These charts look absolutely horrible and paint a very bearish picture. I would advise against trying to pick up any longs up this time as this market could really gain momentum to the downside. I’m sure many are hoping for a bounce (including myself) to short more and that logic will probably work against the masses. It would not surprise me to see us down another 200 points on the Dow tomorrow. I’m sure Christian is doing a happy dance after today’s bull slaughterfest and feeling very good about his bearish stance over the last month. I myself would rather take advantage of the up move and the down move and save myself the pain of holding shorts when the market was rising.

AMAT could be a stock to that has more downside to go. I’ll be watching it for opportunities to short intraday in the coming days.

12 Responses to “Maybe I Should Not Have Covered…”

  1. jeremy Says:

    Thanks for the comic relief, now I have a mental picture of Christian doing his 'happy dance' – in my mind it's the 'running man' for sure.

    I may be pushing my luck, but I am still holding my shorts – If we get a gap down off the hop tomorrow I'll go to cash and see what plays out from there.

  2. Abdul Rahim Says:

    He got it right now and with lots on bad news now, there is little reason for the market to go up. Many charts I scans are pointing toward a downtrend. Newspapers printing more bad news on top of already bad news. The press make it worse; "Desperate villages fight advancing flames near Moscow; Bread prices soar in drought hit Russia; China/Pakistan massive flood and mudslide; Dollar surges over global economic fears; Market facing suicide squeeze; Cramer: Why you should buy gold right now; Art Cashin: Watch this S&P resistance level" and many more Yadi Yada Yadaa. The reporters love to print disaster news at the right time. They are doing their job.

  3. Jack Damn Says:

    I like AMAT on the downside as well:

    ? (60-min chart)

    I played it short today and picked up some good money on it. There are a lot of good looking shorts at the moment.

    I'm not entirely convinced the market is ready to roll over yet though. Every time I put on my bear suit and load up on shorts, we seem to head fake and move higher.
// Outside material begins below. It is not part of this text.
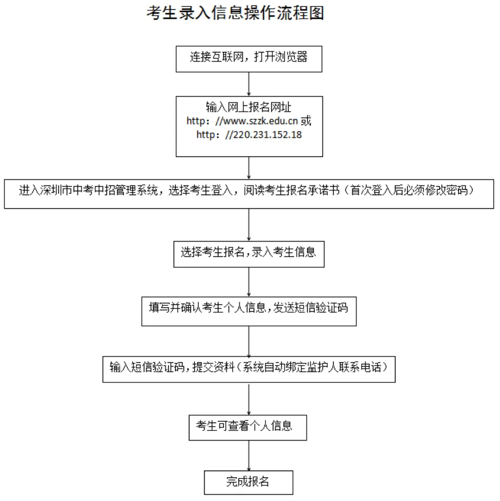 見(jiàn)圳客戶端·深圳新聞網(wǎng)2020年4月30日訊 據(jù)深圳市教育局消息,2020年深圳高中階段學(xué)校招生考試(以下簡(jiǎn)稱“中考”)報(bào)名定于5月6日-15日進(jìn)行,考試時(shí)間為7月20日-21日。 今年本市應(yīng)屆初中畢業(yè)生仍繼續(xù)在就讀學(xué)校集體辦理報(bào)名手續(xù)。符合深圳中考報(bào)名條件的深圳戶籍往屆生、在市外就讀的深圳戶籍應(yīng)屆初中畢業(yè)生(以下簡(jiǎn)稱“社會(huì)類考生”)采用網(wǎng)上報(bào)名方式進(jìn)行報(bào)名。 報(bào)名條件 一、具有我市戶籍的初中畢業(yè)生,可以在我市報(bào)名參加中考。 二、具有我市初三學(xué)籍的隨遷子女可以報(bào)名參加中考,同時(shí)符合以下條件的,可以參加相應(yīng)的公辦普高、民辦普高和中職學(xué)校的劃線錄取。 (一)父親或母親在我市具有合法穩(wěn)定職業(yè); (二)父親或母親在我市具有合法穩(wěn)定住所; (三)父親或母親持有有效《深圳經(jīng)濟(jì)特區(qū)居住證》; (四)父親或母親在我市繳納基本養(yǎng)老保險(xiǎn)及基本醫(yī)療保險(xiǎn),且至少其中一個(gè)險(xiǎn)種累計(jì)繳費(fèi)滿3年,社保累計(jì)年限計(jì)算截至2020年8月31日; (五)隨遷子女在我市具有3年完整初中學(xué)籍。 不符合上述條件但具有我市初中學(xué)籍的隨遷子女,可以在我市參加中考,但僅限于參加民辦普高補(bǔ)錄或中職學(xué)校注冊(cè)入學(xué)。 三、高中階段學(xué)校在校生不得報(bào)名。 本市應(yīng)屆初中畢業(yè)生報(bào)名辦法 本市應(yīng)屆初中畢業(yè)生于5月6日至7日在就讀學(xué)校集體辦理報(bào)名手續(xù)。 今年中考繼續(xù)實(shí)行網(wǎng)上報(bào)名。要求各學(xué)校開(kāi)放計(jì)算機(jī)房,為本校考生上網(wǎng)報(bào)名提供方便。 5月8日至15日,學(xué)校組織考生進(jìn)行電子攝像,學(xué)校和考生分別上網(wǎng)錄入報(bào)名信息,考生錄入信息可參考“考生錄入信息流程圖”進(jìn)行操作。 市教育局強(qiáng)調(diào),學(xué)校不得以任何理由拒絕有本校學(xué)籍的應(yīng)屆畢業(yè)生報(bào)考(參加中職學(xué)校自主招生、注冊(cè)入學(xué)的考生,也須報(bào)名參加中考)。如有違反者,將嚴(yán)肅查處,并追究相關(guān)人員責(zé)任。同時(shí)要求各區(qū)有關(guān)職能部門(mén)、各有關(guān)學(xué)校(報(bào)名點(diǎn))要嚴(yán)格審查報(bào)名材料。對(duì)不符合報(bào)名條件、弄虛作假而被錄取的考生,一經(jīng)發(fā)現(xiàn),取消其錄取資格;已經(jīng)到錄取學(xué)校報(bào)到注冊(cè)的,取消其學(xué)籍,并追究相關(guān)人員責(zé)任。 社會(huì)類考生報(bào)名辦法 社會(huì)類考生采用網(wǎng)上報(bào)名方式進(jìn)行報(bào)名。報(bào)名考生需在5月6日至15日登錄報(bào)名網(wǎng)址(http://www.szzk.edu.cn/),按照提示進(jìn)行網(wǎng)上注冊(cè),上傳報(bào)名審核資料,由考生戶籍所在區(qū)社會(huì)報(bào)名點(diǎn)進(jìn)行線上審核,審核通過(guò)后系統(tǒng)將生成中考考生號(hào)及初始密碼,考生需用獲取的考號(hào)及密碼登錄中考中招管理系統(tǒng),填寫(xiě)個(gè)人信息,具體操作可參考“考生錄入信息流程圖”。同時(shí)需在報(bào)名截止前根據(jù)指引完成網(wǎng)上繳費(fèi)。 若考生網(wǎng)上報(bào)名審核不通過(guò),需按照系統(tǒng)的不通過(guò)原因提示,重新補(bǔ)充審核資料,如多次上傳資料失敗或?qū)徍瞬煌ㄟ^(guò),考生可撥打戶籍所在區(qū)的社會(huì)報(bào)名點(diǎn)電話進(jìn)行咨詢或電話預(yù)約,按照工作人員指示進(jìn)行操作報(bào)名,不要在未預(yù)約的情況下前往社會(huì)報(bào)名點(diǎn),盡量避免出行,減少人員聚集。 社會(huì)類考生操作流程如下圖: 考生錄入信息操作流程如下圖: 中考社會(huì)報(bào)名點(diǎn)一覽表 深圳各類考生具體報(bào)考范圍、各類升學(xué)資格申報(bào)所需條件和材料以及相關(guān)報(bào)名要求,考生可通過(guò)深圳市招生考試辦公室官網(wǎng)(zkb.sz.gov.cn)及官方微信公眾號(hào)(深圳市招生考試辦公室)查閱,市招考辦也將第一時(shí)間通過(guò)上述渠道發(fā)布各類中考資訊。

    I'd like to print well below $SPX 1050 before I really begin pounding the shorts. We were at 1050 in Sept. of '09 and we're almost there again in Aug. of '10.

    Range bound.

  4. jeremy Says:

    I agree that the media in general likes to push 'bad' news at us, 'good' news isn't really worth reporting on for news agencies. However, when it comes to the US market coverage, rarely if ever do they focus on the 'truth' of how bad things are. It's always sugar coating every 'bad' data point or blatantly ignoring how the Fed, state's and cities are all broke and the masses are unemployed. The truth eventually will come home to roost.
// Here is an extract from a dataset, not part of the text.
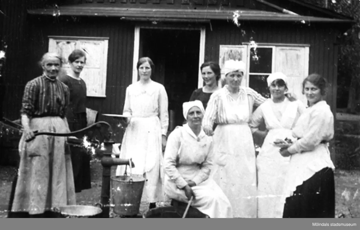 Kvinnorna är samlade vid vattenpumpen för gemensam tvättdag, år 1921.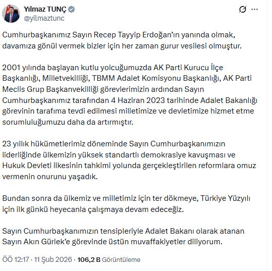 Görevden alınan Adalet Bakanı Yılmaz Tunç da sosyal meday hesabından veda mesajı paylaştı. Tunç'un paylaşımı şöyle:

    That being said, I look forward to riding the next 'push' up by helicopter Ben (Liberty 33's PPT)and the HFT bots. Money is money, whether it's made on the way up or the way down.

    Keep up the great work Jeff, look fwd. to your next post.

  5. pal Says:

    July low will be taken down for sure — but i think it has some more time to go

    in short term it looks very bullish! to me … trap and kill the bears! move (have to wait and watch how it plays out)

  6. Merc Says:

    Good post, Jeff. Maybe you did the Safety Dance by exiting your shorts already. Obscure 80s reference there.

    FWIW, we're up to 74 new 52 week lows. The Hindenburg omen requires 75. All the other omen requirements have been fulfilled.

    Just sayin.

  7. pal Says:

    Merc, for Hindenburg omen to play and crash to occur i don't hear any major bad news than we have already heard (may be it is in the pipe! 🙂 )

  8. Merc Says:

    Here is a good link on the Hindenburg stuff.

    Some of these requirements seem only tangentially related to a sick market but so be it. And of course this indicator is not perfect. Like everything else in this world, caveat emptor.

    I don't base any investment decisions on this stuff but I'm pretty bearish for the usual mix of fundamental and technical reasons. Feel free to take that as a contrarian indicator. 🙂

    Pal, I'm not sure that a crash would require another dose of "bad" news. Maybe just more data that indicates a double dip. I think there is still a lot of money in the market that assumes a gradual, if slow recovery. They could be disappointed.